INSIGHTanalysis: Media Healthcheck – February 2005

Online advertising is predicted to fuel the advertising industry throughout the coming year, with top industry agencies and research specialists forecasting that the medium will enjoy a strong performance throughout 2005.

February saw Starcom UK Group claiming that online advertising expenditure had increased by 52% to £507 million, accounting for 3.4% of total adspend in 2004 (see UK Online Advertising Enjoys Dramatic Growth). Starcom attributed this dramatic growth to the mass uptake of broadband, with heavy promotion and advertising campaigns resulting in broadband enjoying an 81% increase year on year.

Research from advertising.com confirms this confidence in online advertising, predicting that traditional advertisers will increase their online adspend by 70% in 2005, concentrating their online dollars on rich media, streaming content and behavioural targeting (see Traditional Advertisers Forecast To Increase Online Adspend).

Media research firm, Borrell Associates predicted last month that US local online advertising would hit $3.9 billion in 2005, up 46% on 2004, with paid search reaching $329 million(see US Online Adspend To Reach $3.9 Billion In 2005).

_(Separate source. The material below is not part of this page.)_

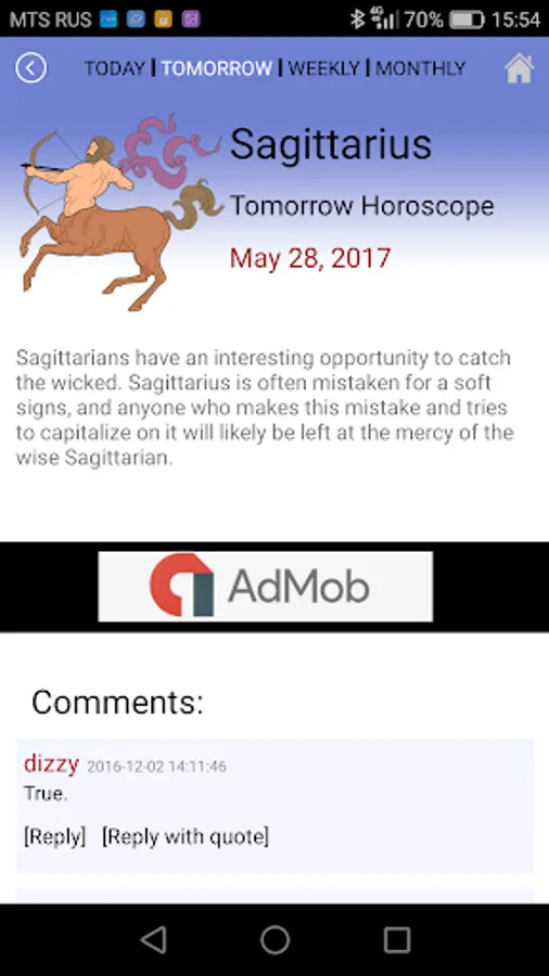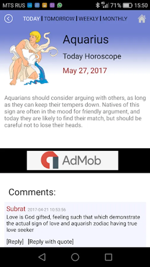 Here you’ll find Daily Horoscope &Tomorrow Horoscope for each day and for every Zodiac sign. As well as Weekly Horoscope & Monthly Horoscope for the actual period. All those Horoscopes arranged within one slider activity so when you pick your Zodiac sign you only need to slide from Daily Horoscope into Tomorrow then into Weekly and finally into the Monthly astrological forecast. Isn’t that simple?! But the best part that you could read users comments for each horoscope, see others response and post your own comments right from the Horoscope app.
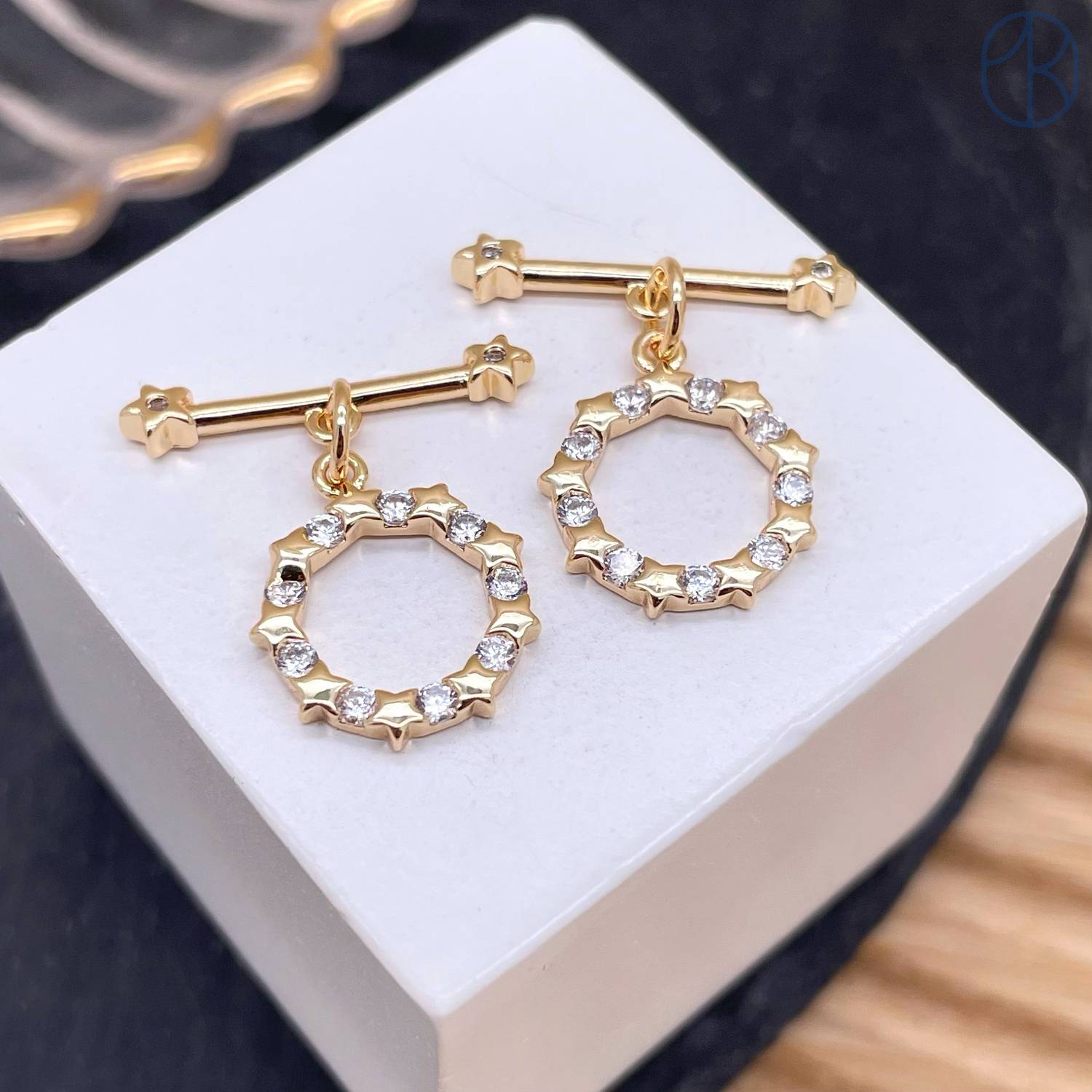 Замок тогл цирконы, цвет золото 12 мм

TV adspend in the UK was another hot topic within the media industry throughout February, with television advertising revenue reported to be growing at its fastest rate since 2000, according to data released by media group ZenithOptimedia (see TV Adspend Fuelled By Elections).

ZenithOptimedia and Starcom UK both predict TV adspend will increase by 12% in the first quarter of 2005, aided by the prospects of a general election and the continued recovery of the UK economy. Media buying agencies claim that the proposed general election in May and the strengthening of the economy have increased TV advertising demand.

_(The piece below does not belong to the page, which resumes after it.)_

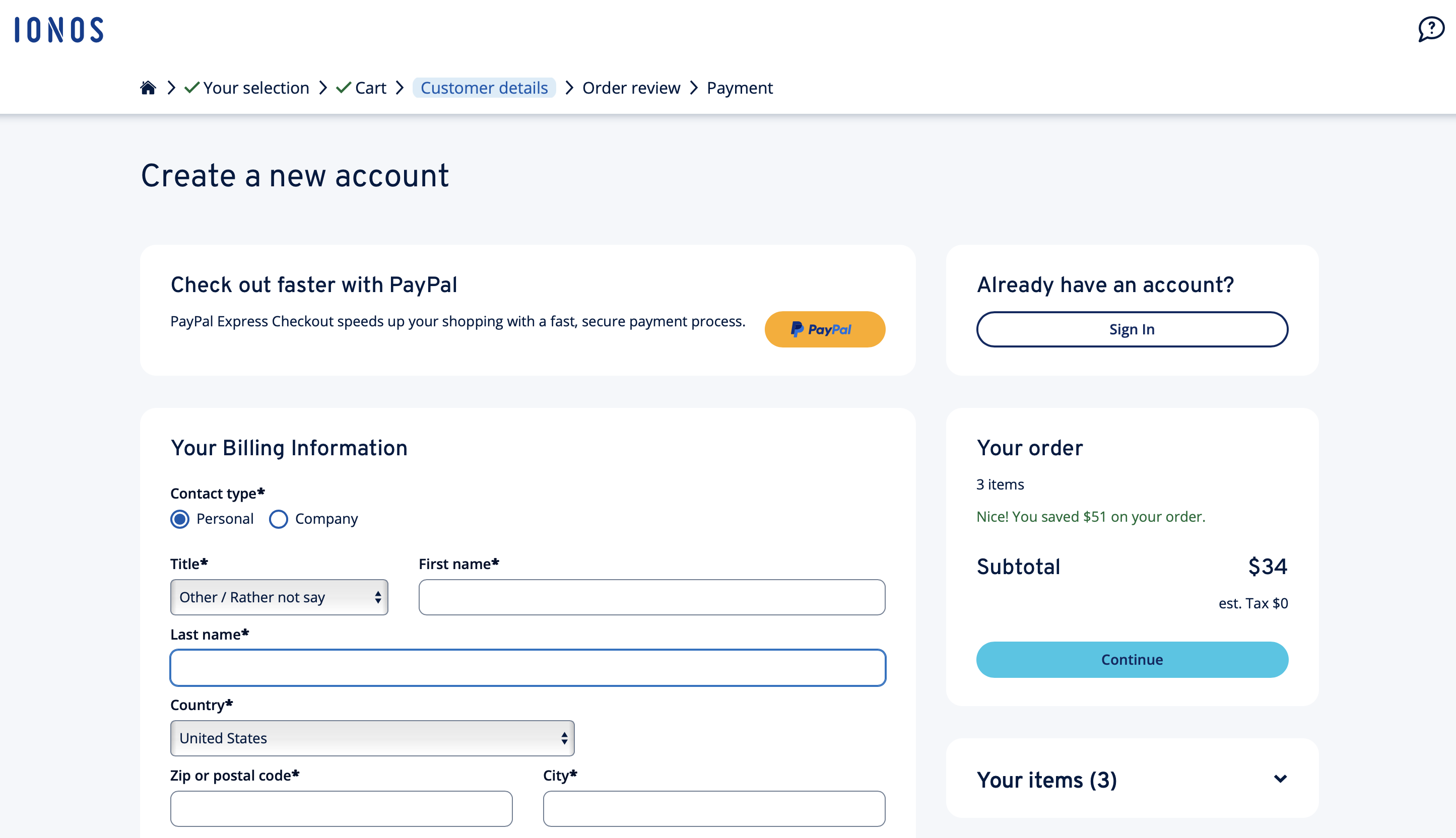 Después de hacer clic en “Continuar” (Continue), crea una cuenta IONOS o inicia sesión en tu cuenta activa de IONOS para continuar con el proceso de pago. También puedes abonar tu(s) dominio(s) directamente con PayPal, Apple Pay o Google Pay.

Speaking to MediaTel INSIGHT, John Overend, joint managing director of OPera Media, confirmed the industry consensus saying: “January and February TV revenues are much stronger than expected and way ahead of original forecasts.”

Media consultancy agency Billets verified this positive outlook, forecasting that UK TV revenue will grow by 4% year on year in 2005, fuelled by commercial broadcaster Channel 4 and interactive revenue sales.

Last month saw Channel 4 claim its strongest January performance for five years with a 10.3% audience share.(see Channel 4 Reports Record Performance In Five Years). Channel 4 was revealed to have grown in the commercially important 16 to 34 and ABC1 audiences by 28% and 6% respectively, as well as seeing an increase in its share in multi-channel homes by 8.4%, a rise of 24% on 2004.

A report published in February by analysts PricewaterhouseCoopers, predicted that UK TV advertising revenue will be increasingly fuelled by multi-channel broadcasters as commercial channels become constrained by their multi-channel counterparts.

The research also identified the impact the new BBC digital channels will have on advertising revenues, with the BBC’s success predicted to affect traditional and multi-channel viewing in equal measure (see Multi-Channel TV Predicted To Lead Adspend).